Thank you so much, Verity. Gosh, this is such an honour to have you, Dr Alondra Nelson. I can't hide my enthusiasm and excitement. But I'm going to start with kind of a mixture of the personal and the professional because most careers take a winding path, but very few of us end up anywhere near, let alone in, the White House. So many people I know take enormous inspiration from you and your role leading the OSTP. Can you tell us a little bit about your path to the White House?

Yes, it's been a winding path indeed, but first let me say thank you to you and Verity and Nick for the invitation to be here. It's really a pleasure to be with you all and I have learned so much from your work, Ed, about these exact topics and so it's a real honour to be here with you all today. So let me just say at the top, the headline here is that I never expected to be working in the White House and so I pinch myself most days as I go to the White House campus and find myself there, but it is a great privilege and an honour to be doing public service and to be doing it in this extraordinary Biden-Harris Administration.

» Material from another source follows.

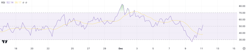 HNTs Relative Strength Index (RSI) is currently at 52, a decline from over 70 earlier in December when its price experienced a sharp surge. This drop indicates reduced buying momentum compared to the earlier overbought conditions.

So, you know, it's not a total accident. I mean, as Verity said in her very kind introduction, as a scholar, as a researcher, most of my work has been around, you know, effectively science and technology policy, but really thinking about the sort of social implications of science and technology. And, you know, more recently I have been working on a book about the White House Office of Science and Technology Policy during the Obama years, so the office that I came to lead, at least temporarily, right now is an office that I knew very well as a kind of historical and sort of organisational structure. And now I'm there every day working with an incredible team of about 140 people on everything from AI to quantum science to climate innovation and energy science to thinking about, you know, how we, you know, get more diverse and innovative STEM fields.

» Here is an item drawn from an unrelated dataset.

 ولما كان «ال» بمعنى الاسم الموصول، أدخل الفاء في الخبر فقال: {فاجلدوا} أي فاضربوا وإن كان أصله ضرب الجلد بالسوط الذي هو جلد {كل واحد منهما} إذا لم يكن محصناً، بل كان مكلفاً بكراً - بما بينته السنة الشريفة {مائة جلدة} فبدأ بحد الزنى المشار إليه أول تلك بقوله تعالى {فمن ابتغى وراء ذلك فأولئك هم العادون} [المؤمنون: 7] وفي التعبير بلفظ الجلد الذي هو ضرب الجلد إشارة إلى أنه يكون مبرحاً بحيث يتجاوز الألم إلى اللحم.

You know, I think I'm the second woman to ever lead the office in an interim basis, certainly the only person of colour ever to lead the office. So I do understand that my appointment by President Biden in this role is historic and I also bring with me, I think, an appreciation into the work of science and technology policy both for the ways that technology can be so net positive, very much productive and generative in people's lives and the ways that technology, science, innovation can cause harm, you know, traditionally, historically and in the present for certain communities, particularly disadvantaged communities, underrepresented communities like the African American community, of which I'm a member.

So the great thing about this administration, which on day one issued an executive order on equity and on, you know, the work of government being used to drive equity in American society means that there doesn't have to be sunlight between thinking about science and technology policy and thinking about issues of equity and inclusion and democracy. There's a real understanding and an attempt to draw these things together. So, I think it's really the particular vision of this Administration that really made it possible for someone with my particular interests and trajectory to be a part of science and technology policy making in this really wonderful moment.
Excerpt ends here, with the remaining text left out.